June 17 – SDUT Editorial Board comments – California has been a global leader in heading off global warming, enacting laws to slash the state’s greenhouse gas emissions linked to climate change by 40% by 2030 and 80% by 2050. To do so, local governments must draft formal Climate Action Plans that document how to meet their own mandates.
Some are better than others. Last Friday, for the sixth time in less than 10 years, state courts ruled San Diego County’s plan insufficient. Specifically, the 4th District Court of Appeal in San Diego rejected its use of “carbon-offset” programs. Under this approach, housing projects that increase vehicle pollution are allowed because developers buy offset credits online from organizations that are allegedly reducing carbon production with land conservation and/or responsible agricultural and logging policies around the world. Groups such as the Sierra Club, the Center for Biological Diversity and the Climate Action Campaign sued the county, calling the plan inadequate. Now they’ve won again.
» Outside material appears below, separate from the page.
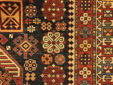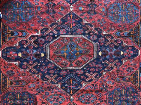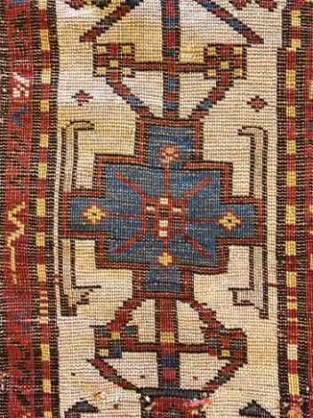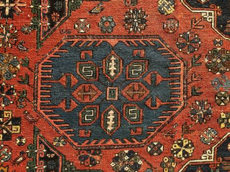 Kuba sumak tæppe, Kaukasus. Gentagelsesmønster med forskudte stiliserede medaljoner. 20. årh.s første halvdel. 469 x 350.

The need for more housing locally is obvious. But given the evidence that many carbon-offset programs are either fraudulent or problematic — and the evidence that the county’s plan included no rigorous attempt to ensure the programs it used were even legit — the latest court decision was utterly predictable. Instead of appealing this ruling, county supervisors should heed the message and finally do the hard work of coming up with a plan that won’t be thrown out for not following state laws.